____ DATA FOR THIS TASK

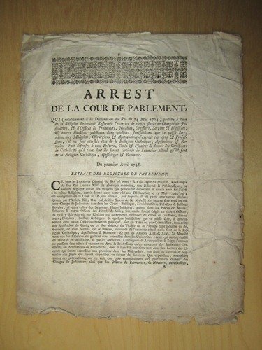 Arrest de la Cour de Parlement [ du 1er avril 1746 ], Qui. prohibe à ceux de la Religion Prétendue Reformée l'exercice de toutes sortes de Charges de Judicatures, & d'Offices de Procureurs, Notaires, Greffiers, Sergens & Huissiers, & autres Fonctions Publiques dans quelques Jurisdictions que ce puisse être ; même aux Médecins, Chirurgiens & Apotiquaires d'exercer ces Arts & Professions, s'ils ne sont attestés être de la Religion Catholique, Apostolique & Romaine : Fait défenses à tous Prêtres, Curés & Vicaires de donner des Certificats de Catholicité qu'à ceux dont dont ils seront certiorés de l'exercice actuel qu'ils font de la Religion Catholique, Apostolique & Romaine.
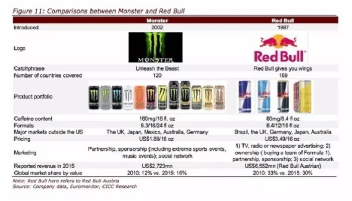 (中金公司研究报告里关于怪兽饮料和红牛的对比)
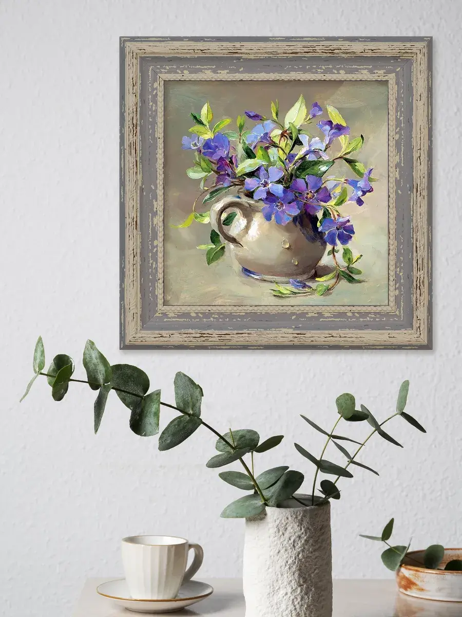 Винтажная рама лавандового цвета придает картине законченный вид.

________
____ DATA FOR THIS TASK

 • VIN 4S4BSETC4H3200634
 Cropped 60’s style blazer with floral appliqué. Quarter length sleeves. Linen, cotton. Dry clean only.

________
____ DATA FOR THIS TASK

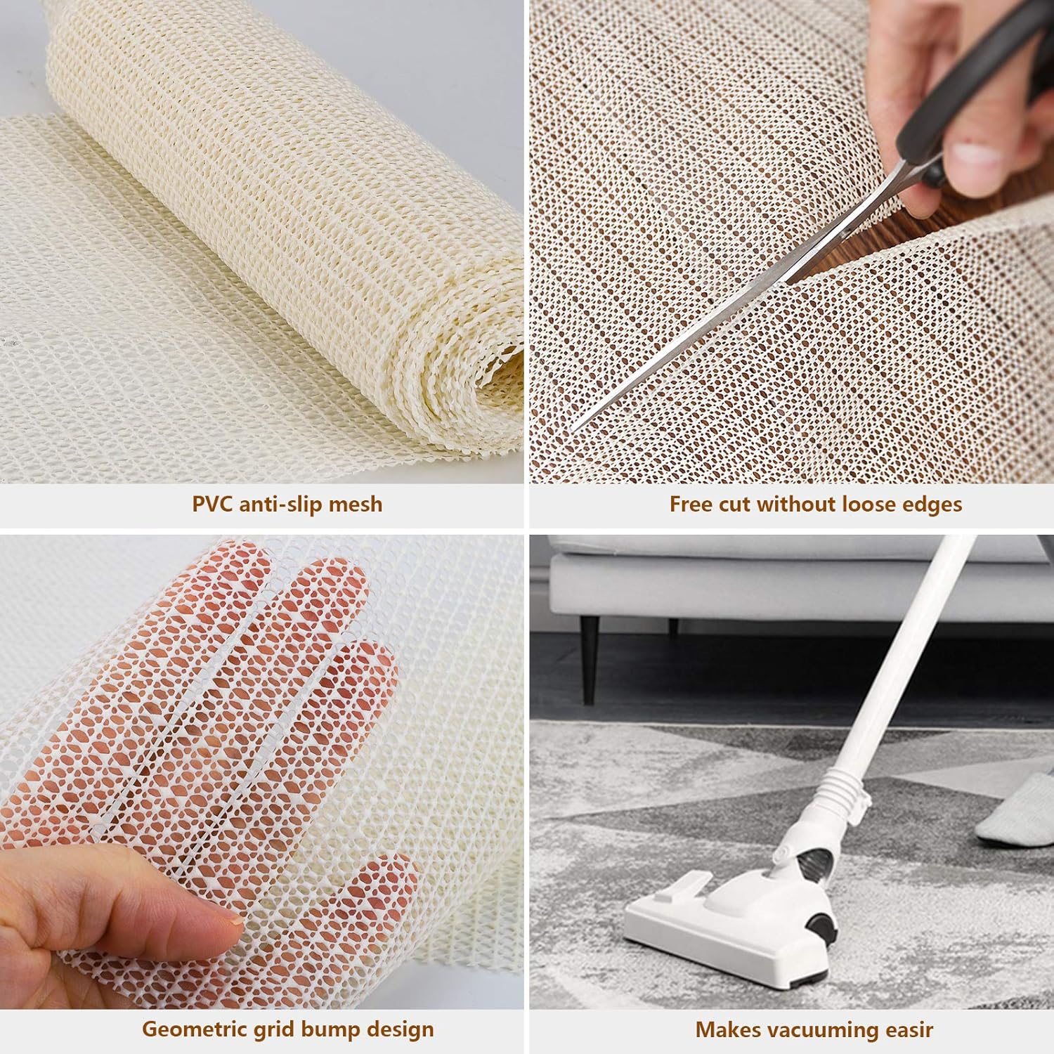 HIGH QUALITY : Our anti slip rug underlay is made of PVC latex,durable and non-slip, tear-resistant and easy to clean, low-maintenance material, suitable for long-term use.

________

### TASK TO COMPLETE
Lines from the one above containing "Arrest de la" down to the one containing "Винтажная рама лавандового" should be transcribed exactly, with both ends kept and no pictures.

### COMPLETED EXERCISE
 Arrest de la Cour de Parlement [ du 1er avril 1746 ], Qui. prohibe à ceux de la Religion Prétendue Reformée l'exercice de toutes sortes de Charges de Judicatures, & d'Offices de Procureurs, Notaires, Greffiers, Sergens & Huissiers, & autres Fonctions Publiques dans quelques Jurisdictions que ce puisse être ; même aux Médecins, Chirurgiens & Apotiquaires d'exercer ces Arts & Professions, s'ils ne sont attestés être de la Religion Catholique, Apostolique & Romaine : Fait défenses à tous Prêtres, Curés & Vicaires de donner des Certificats de Catholicité qu'à ceux dont dont ils seront certiorés de l'exercice actuel qu'ils font de la Religion Catholique, Apostolique & Romaine.
 (中金公司研究报告里关于怪兽饮料和红牛的对比)
 Винтажная рама лавандового цвета придает картине законченный вид.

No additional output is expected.